Gee, Wally, old people are creepy!
Beaver: Hey, Wally? Does Lumpy's dad ever give you the creeps?
Wally: I'll say. Does he ever.
Beaver: I thought so.
Happy birthday, Beaver!! I love that show. It’s even funnier watching it as an adult than it was watching it as a kid. I love the morals and values it advanced, and I love the characters.
Can’t believe no one has posted the rumor he died in Vietnam.
Too embarrassed to ask his dad what to do about the threatening letters he's getting from the company demanding payment, he musters enough courage to go all by himself to a lawyer who's a friend of his dad's, with all his savings -- 64 cents -- to pay him for his services.

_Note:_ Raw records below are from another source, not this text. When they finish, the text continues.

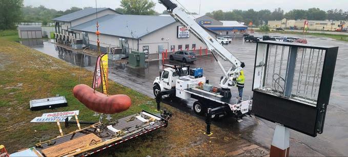 Since Indigo Signs would handle the reconstruction of the illuminated sign cabinet and the new sign poles, they approached Signs By Benchmark, a noted interior and exterior foamcore manufacturer, to handle the decorative elements. e Watertown, South Dakota-based company also found themselves eager to sculpt the oversized bratwurst and grilling fork handle out of expanded polystyrene (EPS).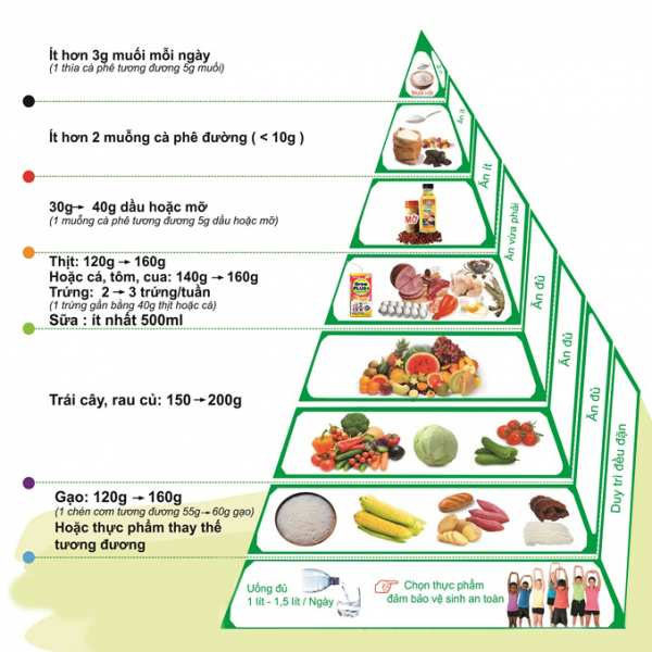 Đáy tháp là những thực phẩm cần bổ sung đầy đủ cho trẻ, càng lên cao đỉnh tháp, hàm lượng các chất dinh dưỡng càng giảm dần nên mẹ hạn chỉ cho trẻ ăn một lượng nhỏ nhóm thực phẩm này.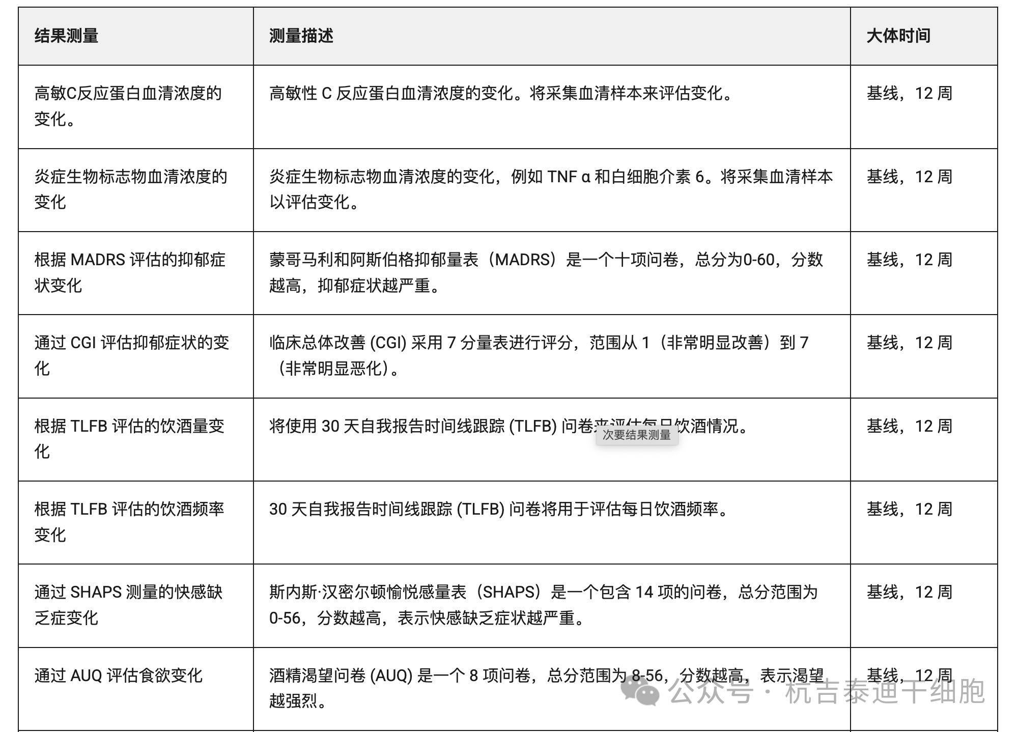 臨床試驗(yàn)二:同種異體人類(lèi)間充質(zhì)干細(xì)胞輸注與安慰劑在酒精使用障礙和重度抑郁癥中的比較

The lawyer figures it out pretty quick, tells Beaver that he can take care of it (by writing an equally threatening letter back to them), and gives him a little lecture about WHY he's going to take that 64 cent fee: So Beaver would learn and remember that any time he gets into the kind of trouble where he can't go to his own father to help him out, it's going to cost him! {^) Which is of course VERY true.
Jerry Mathers was actually a pretty good actor, able to play Beaver believably -- a "dumb" kid who wasn't as dumb as he looked, and who had real guts (even Wally was impressed that little Beav went all by himself to a lawyer) when necessary.
Donna Reed too.
What I saw of it appeared to be some sort of an indictment against the advertising industry and Early 1960s American culture. The slamming of the Cleavers as being typical was brutal, and the shallowness of the television culture altogether was simply unrestrained. Brutal but subtle commentary that clearly targeted the ‘Leave it to Beaver’ show as one of the most offensive of all Hollywood TV productions.
That was my take on what I watched of it,
When I’m kidding someone, I still say “I’m giving them the business”.
One of the great American social institutions of the Fifties - and a lot of fun, too.
Happy Birthday, Beave.
low,as we have discussed—one of my favorite shows as a young child, growing up in a chaotic household, trying to find what was “normal”.
My other favorite was “Ozzie and Harriet”
Exactly. I STILL look for the normal in (old) sitcoms such as this.